The Department of Housing and Urban Development (HUD) spends $10 billion a year on “community planning and development” subsidies to state and local governments. Community development sounds uplifting, but it involves mundane activities such as filling potholes.
Budget expert Tad DeHaven alerted me to this article in the Altoona Mirror yesterday:
City Council recently approved a fairly standard plan for spending its annual entitlement money from the federal Department of Housing and Urban Development.
… This year’s funding for [Community Development Block Grant] CDBG was $1.42 million — not much different from last year’s amount.
Loan paybacks of $162,000 brought this year’s CDBG total to $1.58 million, according to a summary provided by CDBG program Manager Mary Johnson.
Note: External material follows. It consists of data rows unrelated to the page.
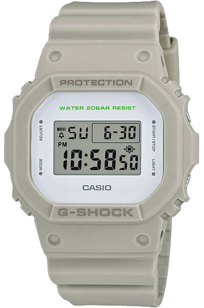 Противоударные кварцевые мужские наручные часы Casio DW-5600M-8E коллекции G-Shock с цифровой индикацией времени. Калибр механизма — 3229. Функциональность данной модели: формат времени 12/24, автоматический календарь до 2099 года, функция летнего времени (DST), многофункциональный будильник, сигнал начала часа, секундомер с точностью 1/100 секунды (для первых 60 минут), 1 секунда (после 60 минут) и измерением до 23 часов 59 минут 59,99 cек., таймер обратного отсчета (диапазон времени 24 часа), электролюминесцентная подсветка циферблата. Водонепроницаемость WR200 (20 атм).
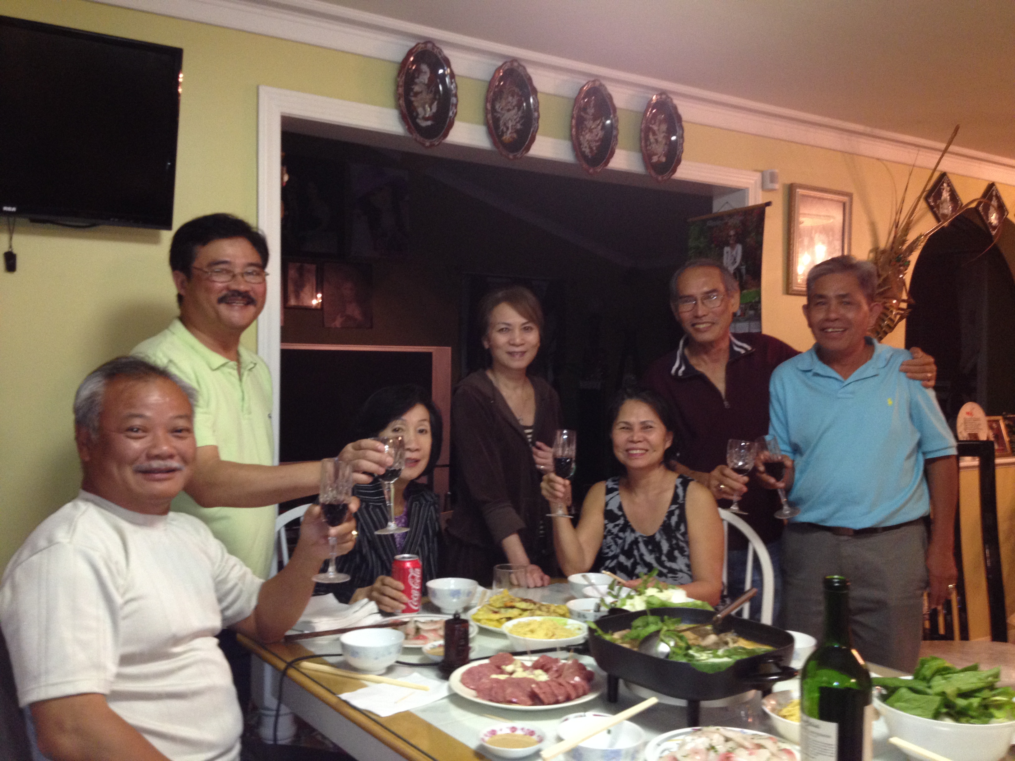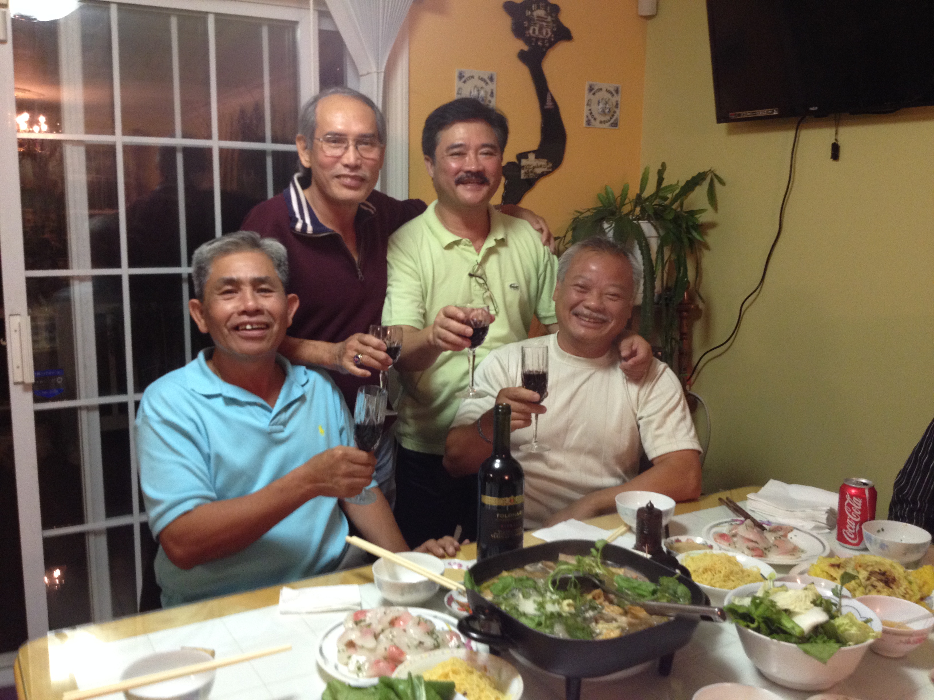 Nói chuyện huyên thuyên một lát , nhưng mình cũng không hỏi rõ ràng ngày giờ và Long đi cùng với ai … nhưng rồi một ngày cũng đến và tối hôm ấy Long đã đến nhà cùng với vài người bạn của Long . Mình mời vào nhà, xong đâu vào đó là ngồi vào bàn và dzô dzô dzô,,, chúng tôi ngồi ăn uống và  nói chuyện huyên thuyên cho đến gần 3 giờ sáng,  nhưng vì sáng sớm hôm ấy Tào Lao phải đến thiền đường để dự khoá  lên cấp nên phải chia tay đi ngủ để lo chuyện ngày mai…
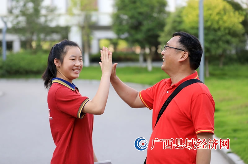 6月7日,在广西柳州市融安县高中,一名老师为学生击掌加油。(谭凯兴 摄)
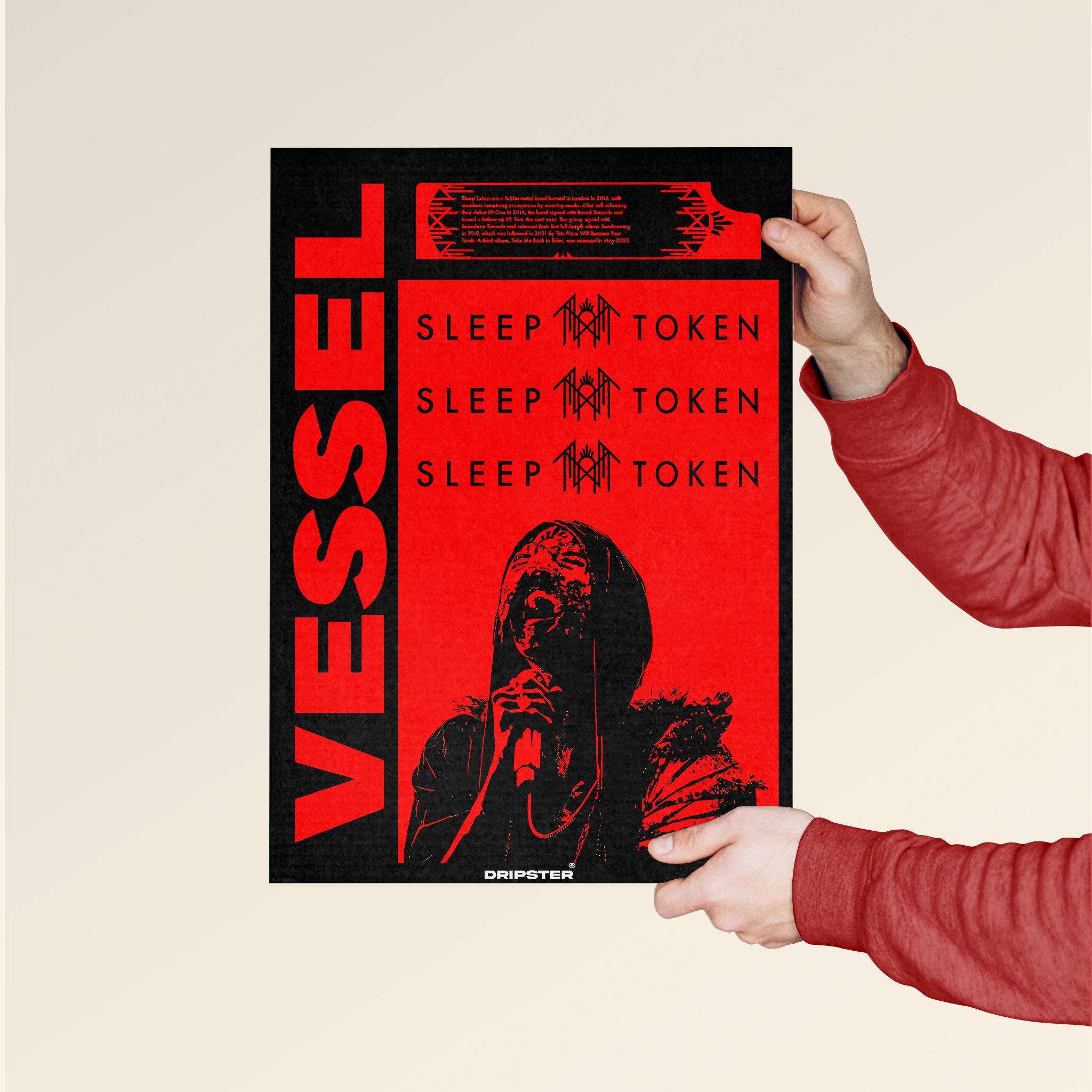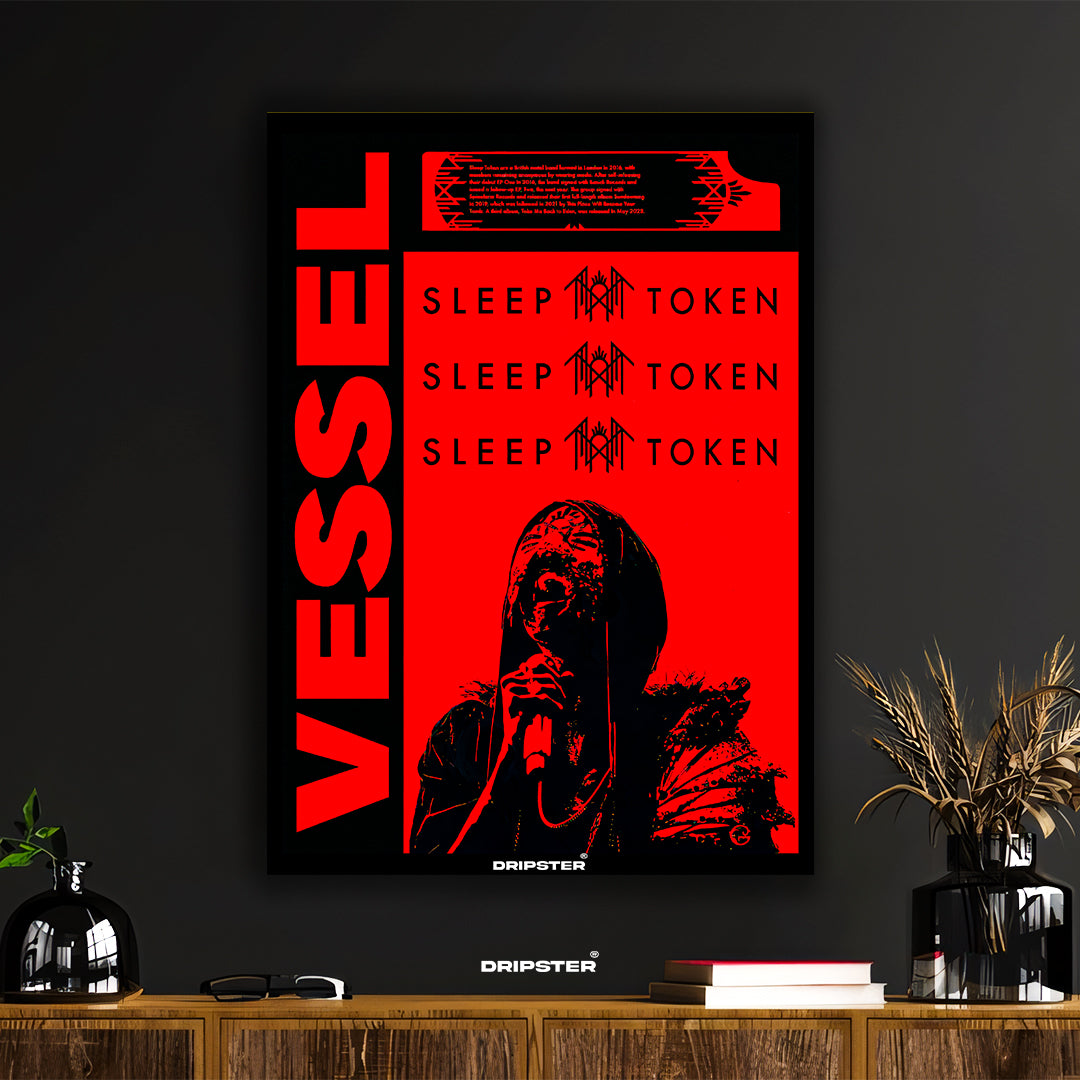 Immerse yourself in the enigmatic world of Sleep Token with this striking poster. Featuring the prominent 'VESSEL' text alongside the band's iconic name and symbol against a bold red and black backdrop, this design captures the intense energy of the mysterious collective. A must-have piece for any true worshipper, bringing the band's powerful aesthetic to your space.

Of that, $346,000 will go for rehabilitation of single-family homes; $306,000 for demolition of blighted properties; $301,000 for program administration; $332,000 for street paving; $235,000 for the city’s bike patrol and $67,000 for code enforcement all in low- to moderate-income areas.
Of $193,000 in HOME funding, $129,000 will go for rehabilitation of rental properties, $44,000 for an upgrade of Improved Dwellings for Altoona’s Woodrow Wilson Gardens parking lot in Garden Heights and $19,000 for program administration.
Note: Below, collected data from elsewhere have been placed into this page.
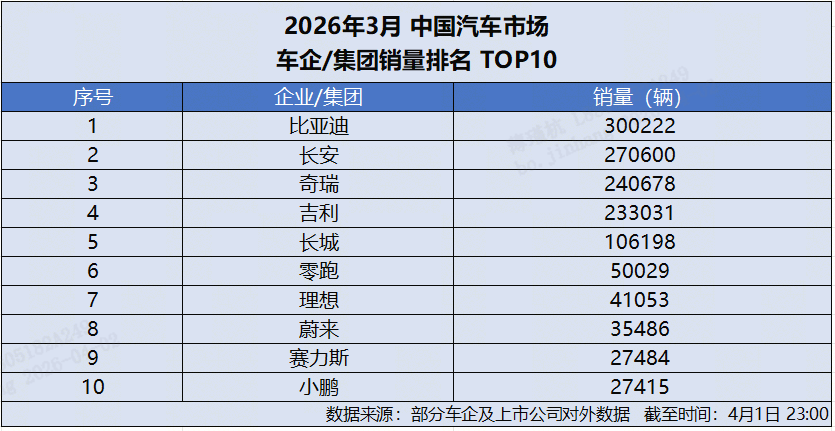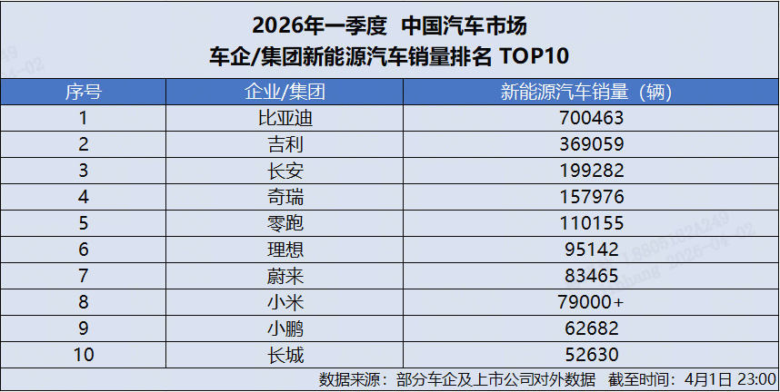 4月1日,比亚迪发布2026年3月产销数据,单月总销量达300222辆,强势突破30万辆大关,再添荣耀战绩,斩获中国车企销量冠军,并连续58个月蝉联中国新能源汽车销量冠军,持续稳固行业龙头地位。截至目前,比亚迪新能源汽车累计销量已超1580万辆,一季度累计销售700463辆,以硬核数据印证技术与规模双重实力。
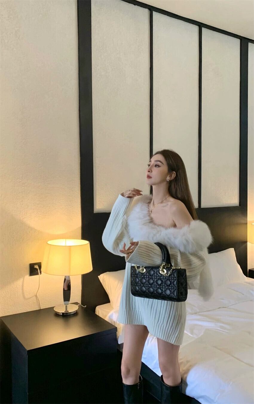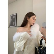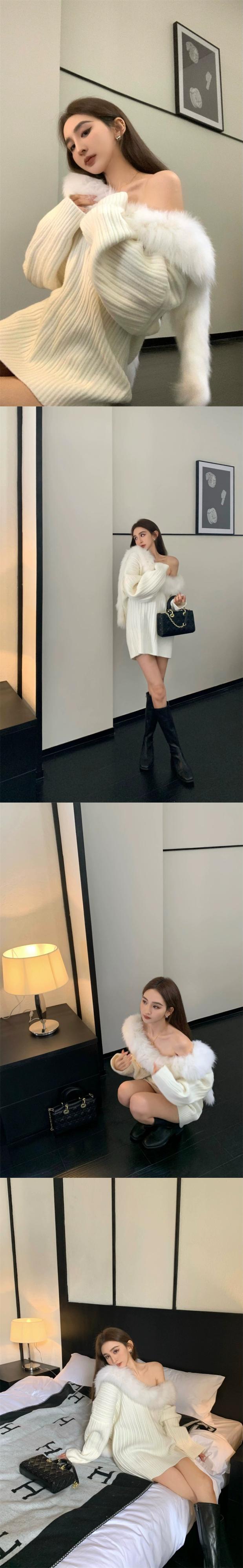 レトロな気質緩い怠惰な風のセーターの女性の冬 2023 新しいファッショナブルな毛皮の襟長袖プルオーバーニットトップ ロング ウィンター 冬物 0921941263796753
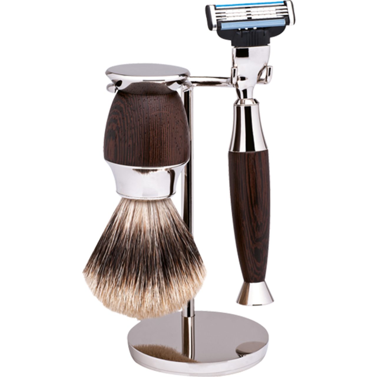 Anwendung | Rasierpinsel gut anfeuchten und in einer Rasierschale einen feinporigen Schaum "schlagen". Anschließend die Haarspitzen vorsichtig in die Creme tupfen und mit kreisenden Bewegungen auf die Haut auftragen. Kinn, Hals und Oberlippe besonders gründlich auf die Rasur vorbereiten. Die erste Rasur sollte immer mit der Richtung des Bartwuchses erfolgen, die zweite Rasur kann entgegen oder bei empfindlicher Haut seitlich zur Richtung des Bartwuchses erfolgen. Nach der Anwendung den Pinsel sorgfältig ausspülen. Das Restwasser ausschlagen und einmal in ein Handtuch drücken. Den Rasierpinsel dann mit den Haaren nach unten auf dem Halter trocknen lassen. Die Klingen ebenfalls gründlich unter fließendem Wasser spülen. |

These activities are entirely local in nature, so why involve the federal government? The Woodrow Wilson apartment company pays $674,000 a year in local property taxes. Why not let the company keep some of that cash and pave its own parking lot? That would be easier than imposing federal income taxes on Altoona residents, sending the money to Washington to pay for the HUD bureaucracy, and having some of it trickle back down to Altoona.